The Zimbabwe-born 44-year-old father of two completed a law degree at Wolverhampton University after coming to the UK in 2006 and claimed to earn £30 000-a-year from his role in a shipping business.

But the graphics expert pocketed more cash by selling forged paperwork to others involved in the two frauds while using eight bank accounts under false names to collect at least £55 000 from bogus maternity allowance claims for himself.

He and his Zimbabwean wife, Poula Chikuhwa, aged 37 — also part of the swindle — had a mansion built in their home country.

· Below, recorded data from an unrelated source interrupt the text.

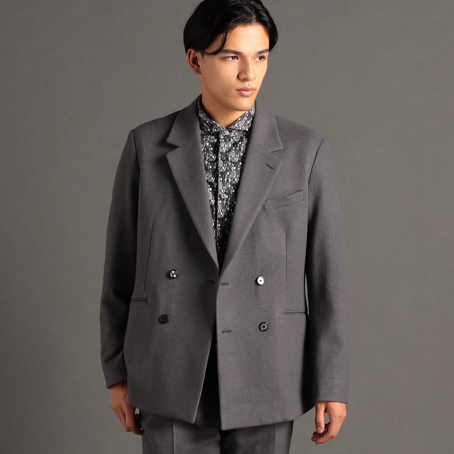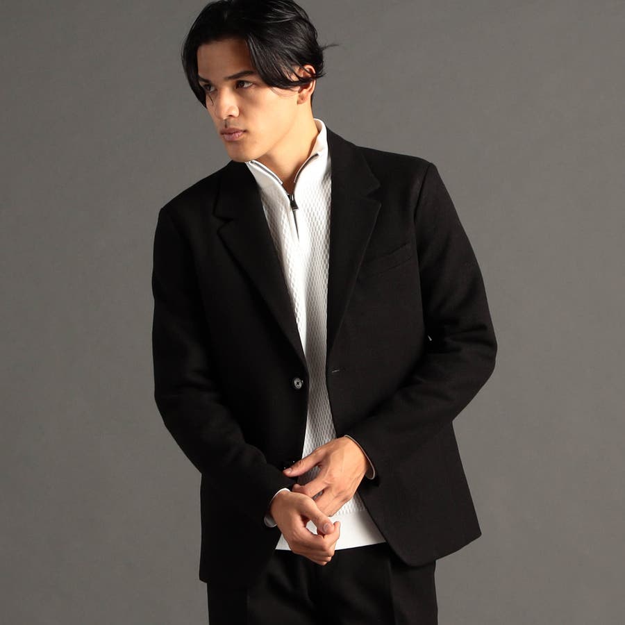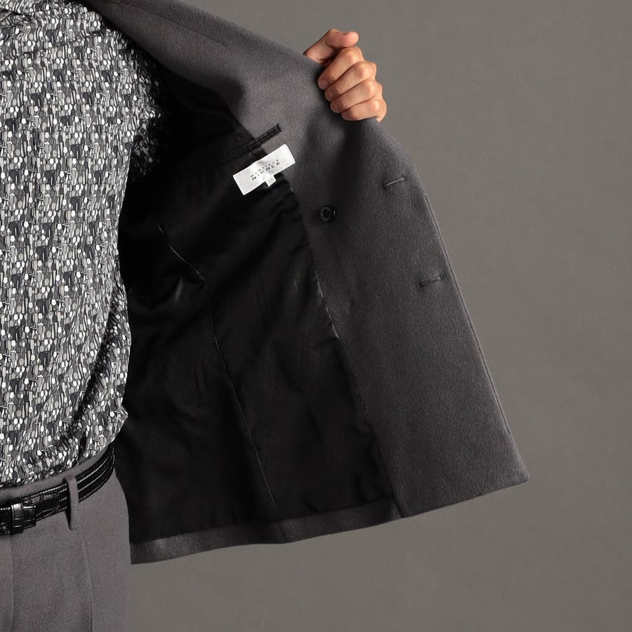 やや低めのゴージラインと広めのノッチドラペルに、スタイリッシュなノーフラップポケットモデルのジャケット。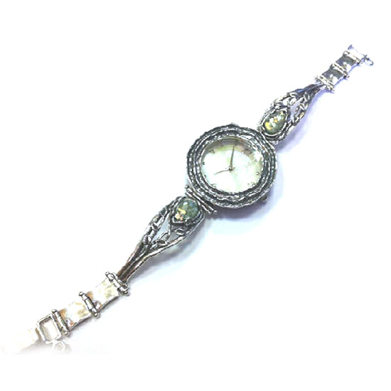 This is a sterling silver watch with a stylish appearance. It is finely made with great craftsmanship and delicate details for an elegant touch. This analog watch is crafted with a round dial, two hands and accurate hour markers for easy time reading.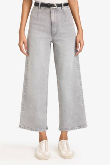 Culotte Yüksek Bel Düz Paça Uzun Jean Kar Yıkamalı Pantolon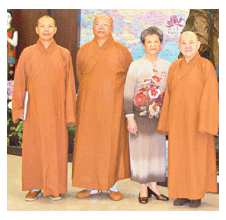 李新肅(右二)是慧龍法師(左二)、慧傳法師(左)的母親,也是佛光山長老尼慈莊法師(右)的姐姐,更是慧和法師子女。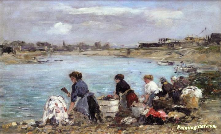 Laundresses on the Banks of the Touques, Art Painting by Eugène-Louis Boudin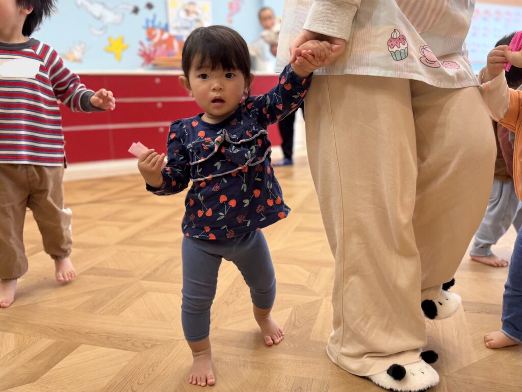 ひなまつりの曲に合わせて「歩く・止まる・手を挙げる」など、音をしっかり聞き分けながら表現する姿は、春の頃と比べて大きな成長を感じました🌸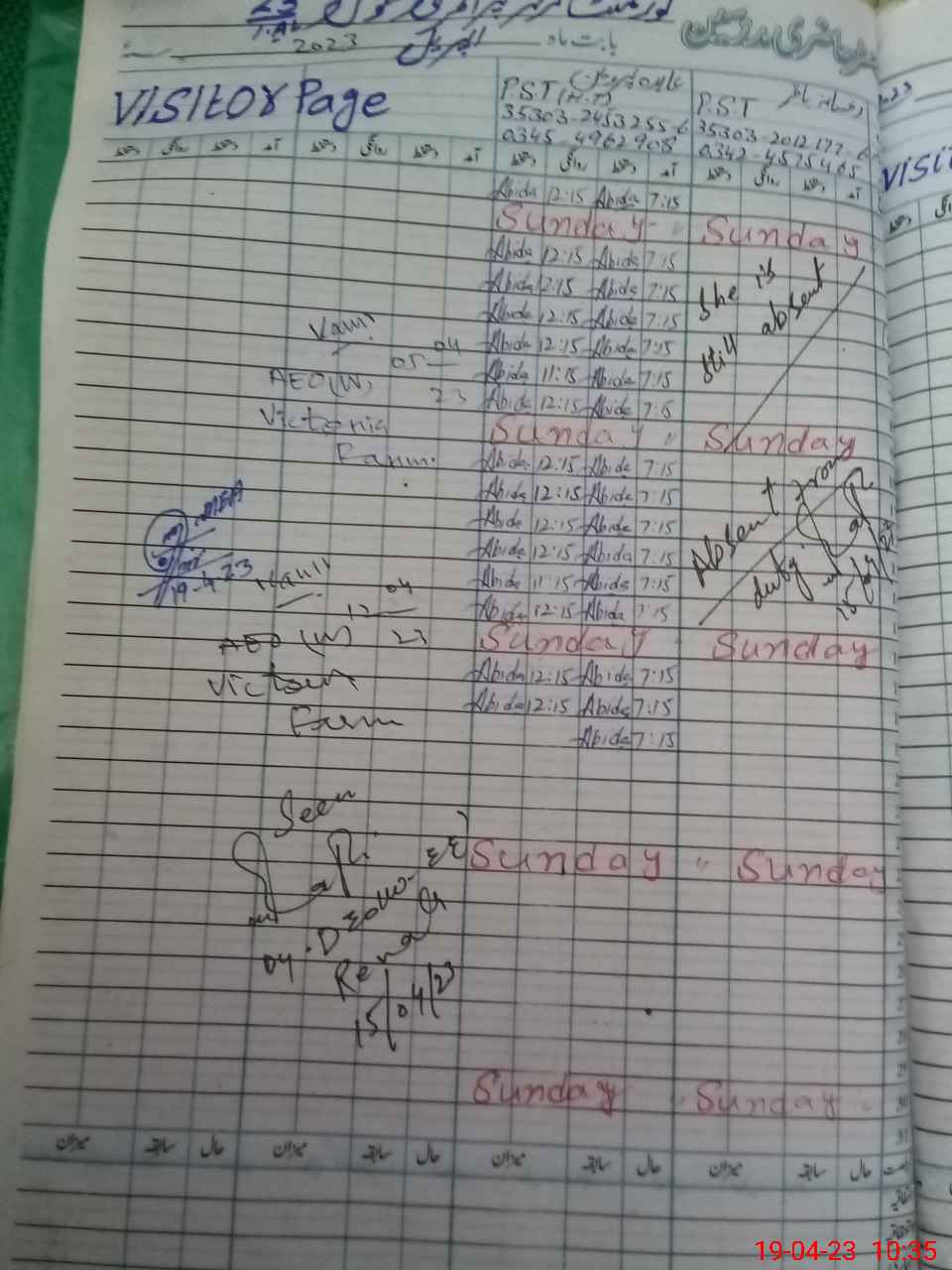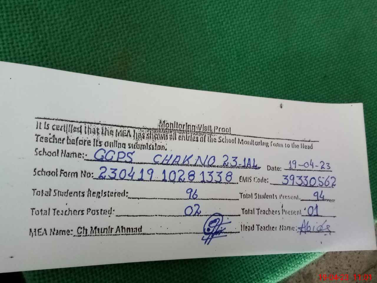 | Name: Ab**** Pa**** Designation: (School Headmaster's/Headmistress's) PST H.T Phone/Cell Number: 03**** |

The gang made at least 165 fake maternity applications between May 2011 and August 2015, pocketing £450 000, but would have collected £720 000 if a considerable number had not been spotted as phony by Department of Work and Pensions officials and were rejected.

Henry Bazra, the alleged brains behind the operation, was interviewed by investigators, but fled the UK before he could be arrested and is now thought to be in Malawi.

Chikuhwa was jailed for three years after using the name of a cousin to set up two bank accounts into which money from the scam was paid, but made the mistake of settling her own rent with some of the cash.

The judge told her: “You built a house in Zimbabwe and I am quite satisfied that was part of the motivation for your involvement. You assisted your husband when you knew he was at the heart of the web.”

Another of those jailed was former Blackpool and Zimbabwean national team footballer Liberty Masunda from Mapleton Road, Hall Green — now a clinical engineer in Somerset — who received a three-year jail sentence for his involvement in the conspiracy.